The Structural Engineering Institute (SEI) of the American Society of Civil Engineers (ASCE) recently approved the establishment of a new committee whose purpose is to provide guidance to the solar industry in the design, development, and construction of solar photovoltaic (PV) structures. .
This committee is called the Solar Photovoltaic Structure Committee and is composed of engineers, manufacturers, contractors, licensing officials and owners. The task of the committee is to focus on the structural and geotechnical design of the unique structures that support photovoltaic modules on building roofs, garages and ground-mounted facilities so that these structures are always reliable and economical across the country.
For the inexperienced, the design of photovoltaic structures is simple and can be well understood by the engineers and manufacturers who design and build them. However, the reality is that the rack supporting photovoltaic modules is a unique structure. Current structural design standards and building codes usually take into account traditional bridges and buildings, which are not enough to make the solar industry reliable and economical. .
The fixed inclined shelf was damaged due to a wind incident.
The continued push for savings in photovoltaic installations drives the demand for detailed design guidance in the photovoltaic industry, as the benefits of “pencil sharpening” can be huge. In large utility projects, structural elements are repeated thousands of times, and optimizing these elements can save a lot of cost.

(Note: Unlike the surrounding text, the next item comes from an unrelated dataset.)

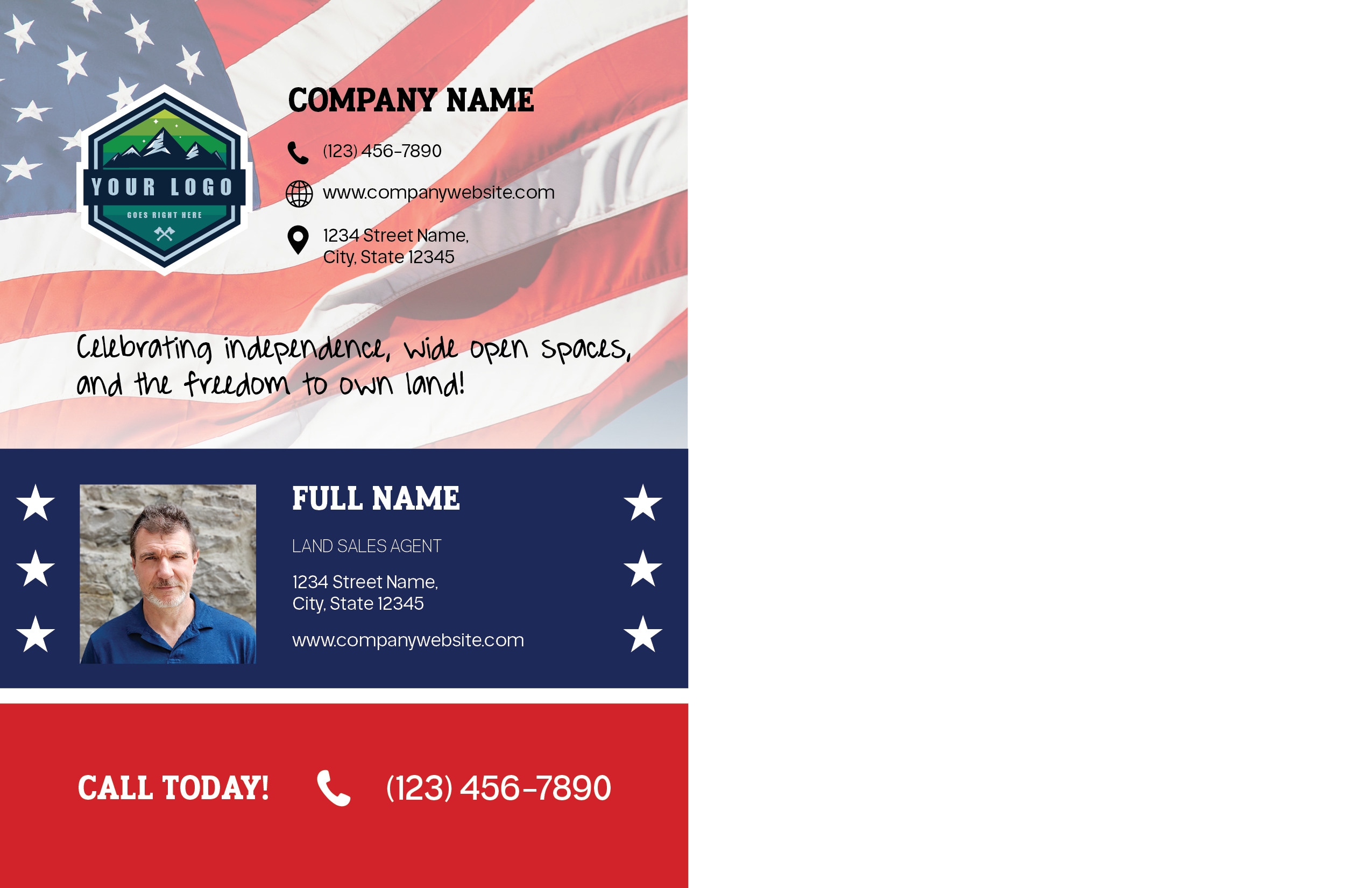 Back Text: “Celebrating independence, wide open spaces, and the freedom to own land!” The text is customizable. Remember: short and sweet!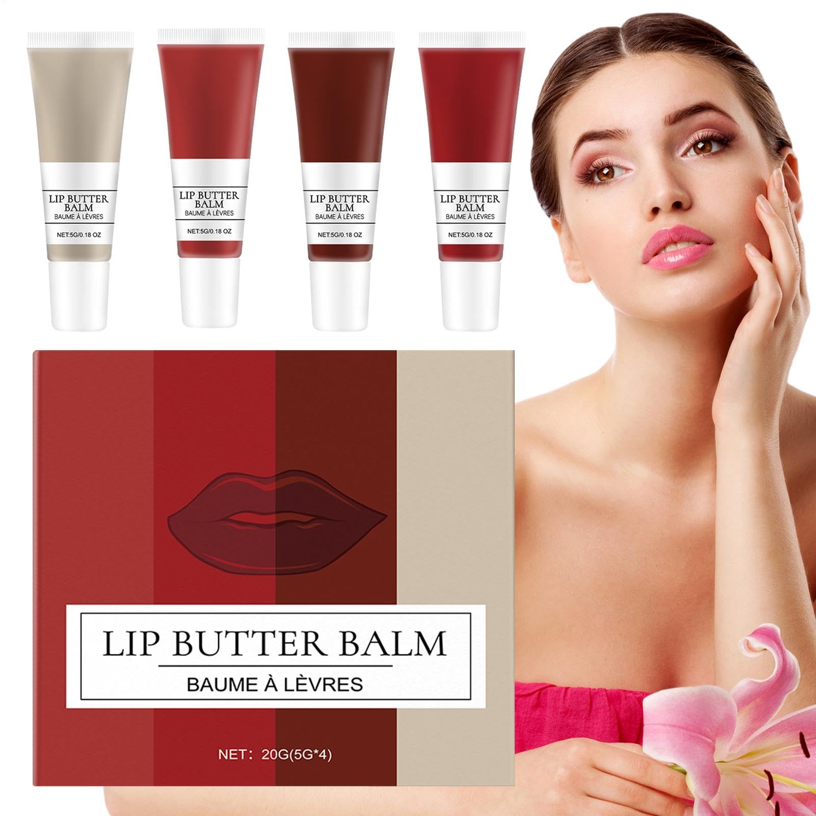 Wonderful Gift: This lip balm set is an excellent gift for Christmas, birthdays and all gift giving occasions. It is created to nourish and care for the lips and expresses best concerns and good wishes for friends, family and colleagues. Deeply hydrating formula: Infused with powerful moisturizers that penetrate deep into lip skin, resolving dryness and peeling while locking in moisture to keep lips feeling all day. Easy to carry: Get replenished and hydrated lips with our lip balm set. Its compact design allows you to take it anywhere, perfect for travel or everyday use. Keep your lips healthy and nourished whether you are outside or in the office. Soothing Lip Transformation: With a specially formulated blend of soothing ingredients, our lip balm set effectively relieves discomfort and restores vibrancy to lips. Long-term use helps reduce lip lines, resulting in a revitalized and restored appearance you will love. Effortless Shine: Our lip balm set provides a glassy, natural shine that lifts your look with just 1 touch. You don't need lip gloss, because this set provides subtle hydration so that your lips feel supple all day long. of an effortless and radiant smile.Lippenbalsemset voor meisjes, hydraterende lippenbalsem - 4-delige lipglossstick hydraterende lipcrèmeset - Kleine langdurige lipbevochtiger, anti-scheur lippenbalsem voor vrouwen, kalmeert lippenPrachtig cadeau: deze lippenbalsemset is een uitstekend cadeau voor Kerstmis, verjaardagen en alle gelegenheden om cadeaus te geven. Het is gemaakt om de lippen te voeden en te verzorgen en drukt de beste zorgen en goede wensen uit voor vrienden, familie en collega's. Diep hydraterende formule: doordrenkt met krachtige vochtinbrengende crèmes die diep in de liphuid trekken, droogheid en peeling oplossen en tegelijkertijd vocht vasthouden om de lippen de hele dag te houden. Gemakkelijk mee te nemen: van bijgevulde en gehydrateerde lippen met onze lippenbalsemset. Dankzij het compacte ontwerp kunt u hem overal mee naartoe nemen, perfect voor op reis of dagelijks gebruik. Houd uw lippen gezond en gevoed, of u nu buiten of op kantoor bent. Kalmerende liptransformatie: met een speciaal samengestelde mix van verzachtende ingrediënten verlicht onze lippenbalsemset effectief ongemak en herstelt de levendigheid van de lippen. Langdurig gebruik helpt de liplijnen te verminderen, wat resulteert in een gerevitaliseerd en hersteld uiterlijk waar u dol op zult zijn. Moeiteloze glans: onze lippenbalsemset zorgt voor een glasachtige, natuurlijke glans die je look met slechts 1 aanraking een lift geeft. Je hebt geen lipgloss nodig, want deze set zorgt voor subtiele hydratatie zodat je lippen de hele dag en soepel aanvoelen. van een moeiteloze en stralende glimlach.

For example, in a 200 MW project, it is easy to have 100,000 piles. Reducing the length of the pile from 15 feet to 13 feet can save millions of dollars. However, to properly test the rationality of this optimized pile length requires a thorough understanding of the behavior of the PV frame structure system under all load conditions, and all stakeholders agree on the acceptable risk of failure and the cost required to reduce the level of risk.
Without a reliable and consistent method to design these types of structures, the solar industry will continue to struggle with flaws, misunderstandings, inconsistent designs, and potential lawsuits.
Antifreeze roof (ascending) on photovoltaic structure. The
Committee strives to become a stage for cooperation and the exchange of experiences and lessons in the photovoltaic industry, so that everyone can benefit. This can be challenging, but better understanding the behavior of photovoltaic structural elements requires collaboration. Buildings and bridges have decades of experience and research that can be used in their design, whereas photovoltaic structures cannot.
For ground-mounted photovoltaic structures, no formal industry guidelines are provided to engineers on how to reliably and consistently design them. In the absence of a design guide, engineers will do their best within the limits of the project schedule and budget. This often leads to inconsistent and / or unreliable designs. This new committee hopes to fill this knowledge gap and provide the guidance the industry is looking for.
The committee is currently cooperating on important issues such as wind load, snow load, corrosion, frozen pile top (lift), pile testing and PV specific reliability indicators.
is currently formulating the ASCE Professional Practice Manual, and then detailed industry design standards will be developed. The committee plans to publish updates and best practice articles so that solar PV structural and geotechnical engineers can begin to implement consistent and reliable designs. Please continue to pay attention to future articles on the progress of structural and geotechnical design of solar photovoltaic structures.
Jon Manning is a structural engineer at Kimley Horn. Steve Gartner is the chair of the new ASCE Solar Photovoltaic Structures Committee and a senior structural engineer for HDR. They are both located in Minnesota.